◆ **Collected data**:
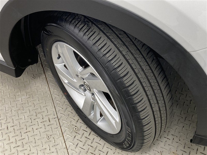 全体のスタイルを引き締める純正アルミホイール。 止まっていても存在感のあるデザイン。
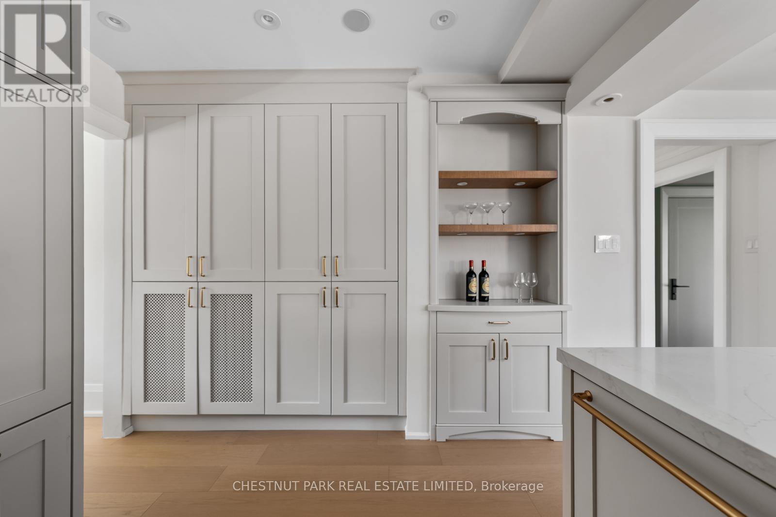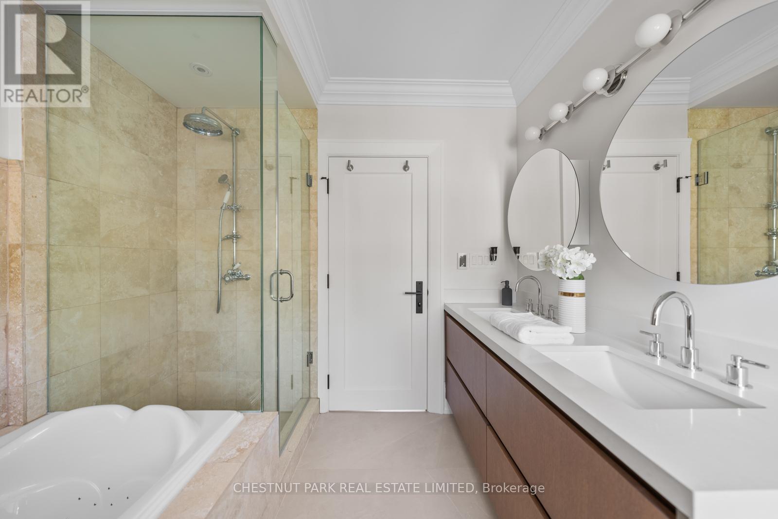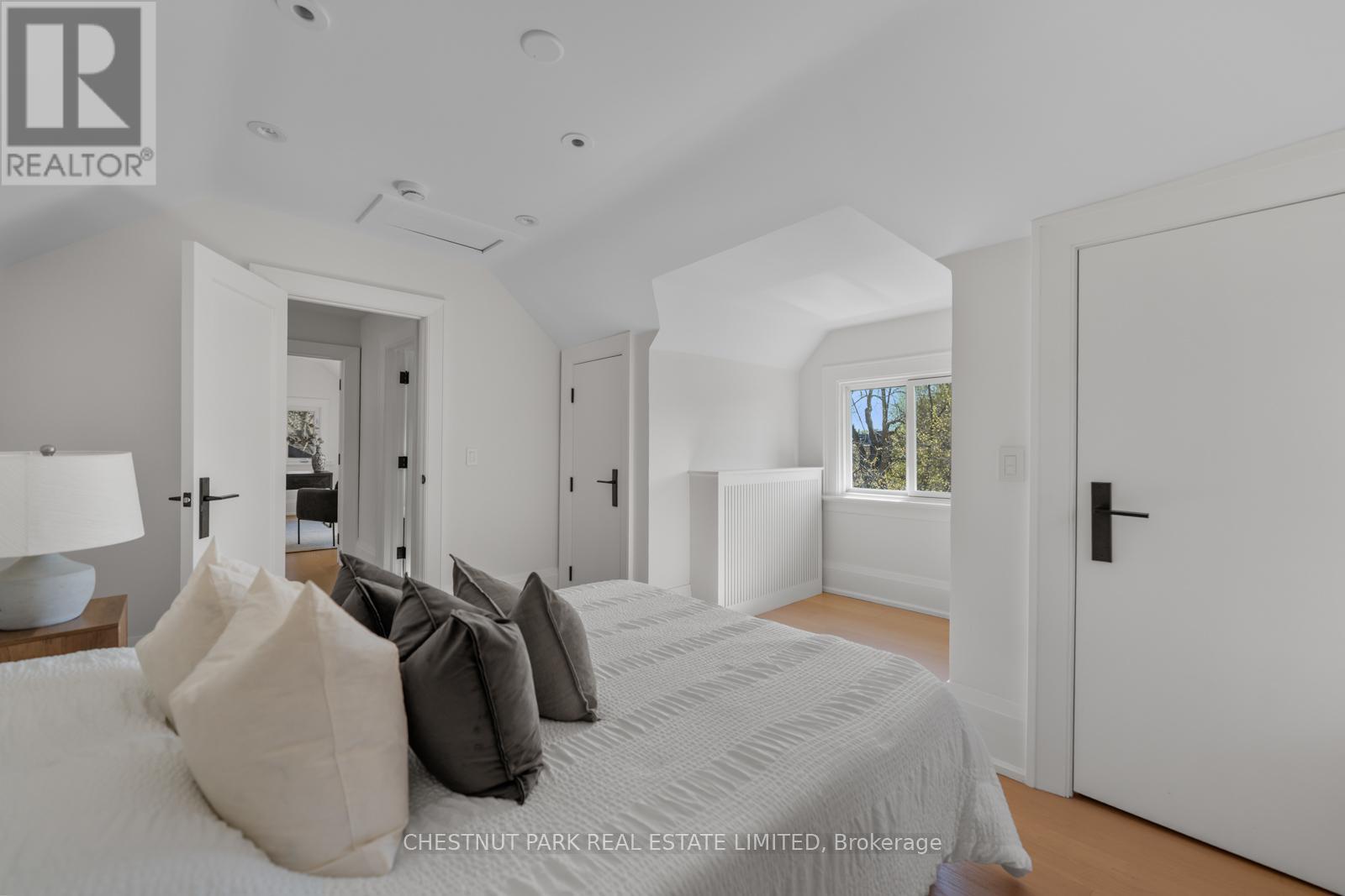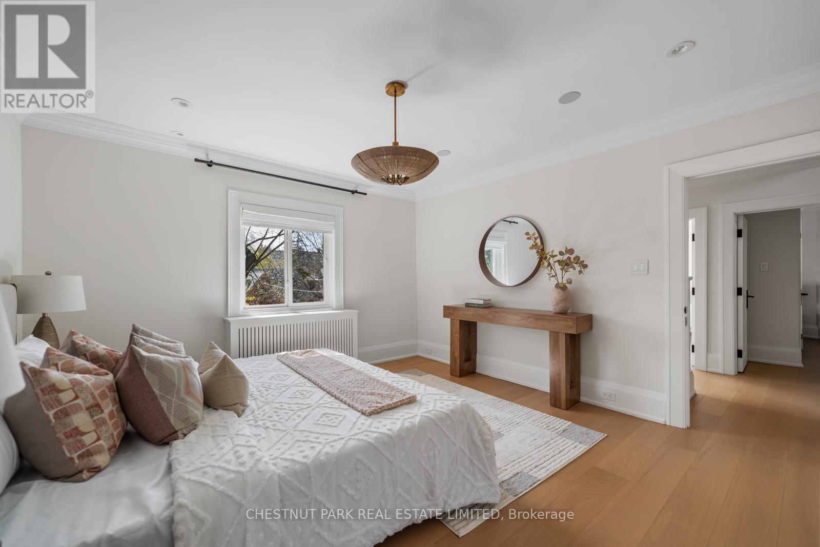 Situated on the best block of Weybourne Crescent, one of Lawrence Park's most coveted streets, this award-winning Georgian home blends timeless charm with modern family comfort. The manicured front yard frames a warm red-and-brown brick façade with a classic portico and beautiful dormers. Inside, a generous foyer with designer black natural stone heated floors, panelled designer closet, and a skylight sets an elegant tone. To the right, the formal dining room with a large window and designer chandelier flows naturally into the sun-filled kitchen, featuring refined finishes and a breakfast nook wrapped in curved windows overlooking the private backyard. The centre hall leads to a practical mudroom in the rear of the home with heated tiled flooring and a thoughtfully placed powder room also with heated floor. To the left of the main entrance sits the spacious formal living room with a gas fireplace connecting to an inviting family room with a custom media wall, arched built-in shelving, a large skylight, and floor-to-ceiling windows opening to the backyard oasis. Throughout the home, engineered white oak floors, pot lights, and integrated speakers elevate every space. The second floor offers a bright primary suite with an updated ensuite and walk-in closet, alongside two additional bedrooms and a convenient laundry closet. The third floor provides two more large bedrooms with built-ins and windows. Lower level extends the living space with two versatile rooms, a modern bath, a large laundry room, and a tidy utility room. Outdoor living shines with landscape lighting, smart irrigation, outdoor speakers, and rare parking for up to nine cars, including a two-car detached garage behind a Metal remote-controlled gate. Steps to Lawrence Station, Yonge Street, parks, and top schools, including TFS, Crescent, and Havergal, this turn-key residence offers exceptional lifestyle, location, and charm in one of Toronto's most sought-after neighbourhoods. (id:50787)
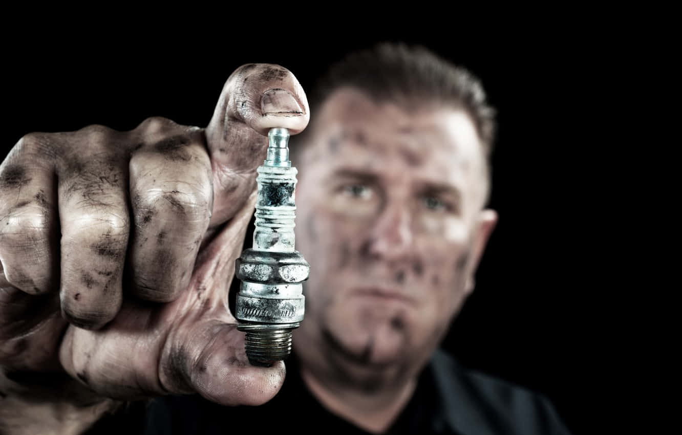 Dirty Man Holding Spark Plug Wallpaper
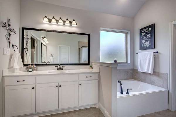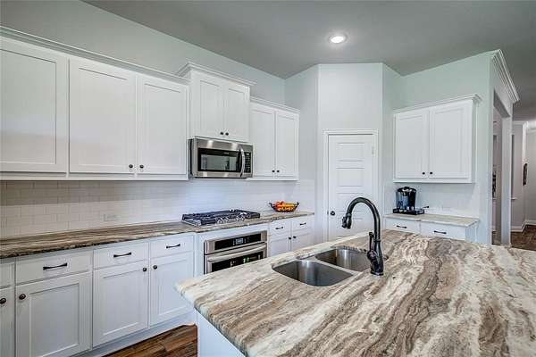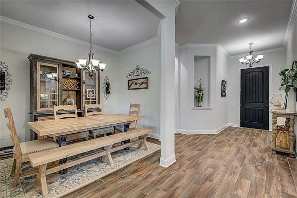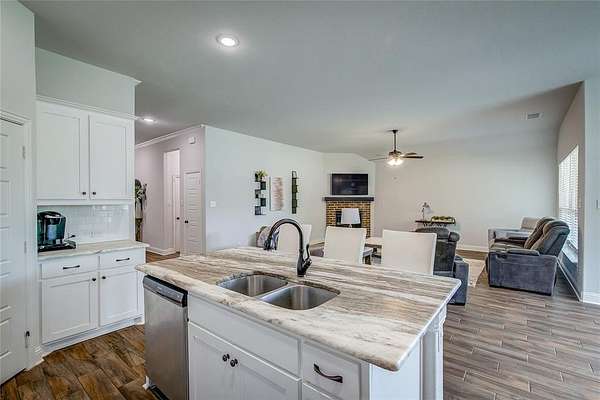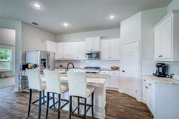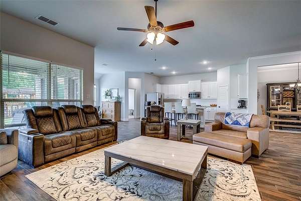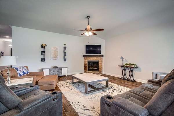 Experience the best of both worlds in this charming property located in Lone Oak, TX. With 4 bedrooms, 2.5 baths, and a 2-car garage, this home offers a blend of contemporary design and tranquil countryside living. Nestled on a sprawling 1.52-acre corner lot with road frontage on three sides, enjoy the space and privacy only a property like this can provide. Step inside to a light and bright interior boasting an open floor plan with wood grain tile throughout. The spacious layout is adorned with upgraded features and tall ceilings, creating an inviting atmosphere. The heart of the home is the stylish kitchen, complete with granite surfaces, a gas cooktop, a walk-in pantry, breakfast bar, and a cozy breakfast nook perfect for casual dining. For more formal occasions, the elegant dining room awaits. The living room, anchored by a warm gas log fireplace, is ideal for relaxation and entertaining. The split floor plan ensures privacy for the luxurious primary suite, which offers a serene escape with an ensuite bath featuring dual vanities, a large walk-in closet, and a soothing garden tub. Additional bedrooms are spacious and accommodating, while the dedicated office provides a perfect space for work or study. Practical details include a full-size laundry room to meet all your needs. Outside, the property shines with its brick and stone exterior and expansive surroundings. There's room to build a shop, and the above-ground pool offers a refreshing retreat along with breathtaking sunsets. Create your own peaceful retreat with practical benefits and room to grow--this home offers a unique opportunity for country living with modern conveniences.

◆ **What the exercise asks**: A verbatim copy of the data, free of pictures, is the expected answer.

◆ **Answer section**:
 全体のスタイルを引き締める純正アルミホイール。 止まっていても存在感のあるデザイン。
 Situated on the best block of Weybourne Crescent, one of Lawrence Park's most coveted streets, this award-winning Georgian home blends timeless charm with modern family comfort. The manicured front yard frames a warm red-and-brown brick façade with a classic portico and beautiful dormers. Inside, a generous foyer with designer black natural stone heated floors, panelled designer closet, and a skylight sets an elegant tone. To the right, the formal dining room with a large window and designer chandelier flows naturally into the sun-filled kitchen, featuring refined finishes and a breakfast nook wrapped in curved windows overlooking the private backyard. The centre hall leads to a practical mudroom in the rear of the home with heated tiled flooring and a thoughtfully placed powder room also with heated floor. To the left of the main entrance sits the spacious formal living room with a gas fireplace connecting to an inviting family room with a custom media wall, arched built-in shelving, a large skylight, and floor-to-ceiling windows opening to the backyard oasis. Throughout the home, engineered white oak floors, pot lights, and integrated speakers elevate every space. The second floor offers a bright primary suite with an updated ensuite and walk-in closet, alongside two additional bedrooms and a convenient laundry closet. The third floor provides two more large bedrooms with built-ins and windows. Lower level extends the living space with two versatile rooms, a modern bath, a large laundry room, and a tidy utility room. Outdoor living shines with landscape lighting, smart irrigation, outdoor speakers, and rare parking for up to nine cars, including a two-car detached garage behind a Metal remote-controlled gate. Steps to Lawrence Station, Yonge Street, parks, and top schools, including TFS, Crescent, and Havergal, this turn-key residence offers exceptional lifestyle, location, and charm in one of Toronto's most sought-after neighbourhoods. (id:50787)
 Dirty Man Holding Spark Plug Wallpaper
 Experience the best of both worlds in this charming property located in Lone Oak, TX. With 4 bedrooms, 2.5 baths, and a 2-car garage, this home offers a blend of contemporary design and tranquil countryside living. Nestled on a sprawling 1.52-acre corner lot with road frontage on three sides, enjoy the space and privacy only a property like this can provide. Step inside to a light and bright interior boasting an open floor plan with wood grain tile throughout. The spacious layout is adorned with upgraded features and tall ceilings, creating an inviting atmosphere. The heart of the home is the stylish kitchen, complete with granite surfaces, a gas cooktop, a walk-in pantry, breakfast bar, and a cozy breakfast nook perfect for casual dining. For more formal occasions, the elegant dining room awaits. The living room, anchored by a warm gas log fireplace, is ideal for relaxation and entertaining. The split floor plan ensures privacy for the luxurious primary suite, which offers a serene escape with an ensuite bath featuring dual vanities, a large walk-in closet, and a soothing garden tub. Additional bedrooms are spacious and accommodating, while the dedicated office provides a perfect space for work or study. Practical details include a full-size laundry room to meet all your needs. Outside, the property shines with its brick and stone exterior and expansive surroundings. There's room to build a shop, and the above-ground pool offers a refreshing retreat along with breathtaking sunsets. Create your own peaceful retreat with practical benefits and room to grow--this home offers a unique opportunity for country living with modern conveniences.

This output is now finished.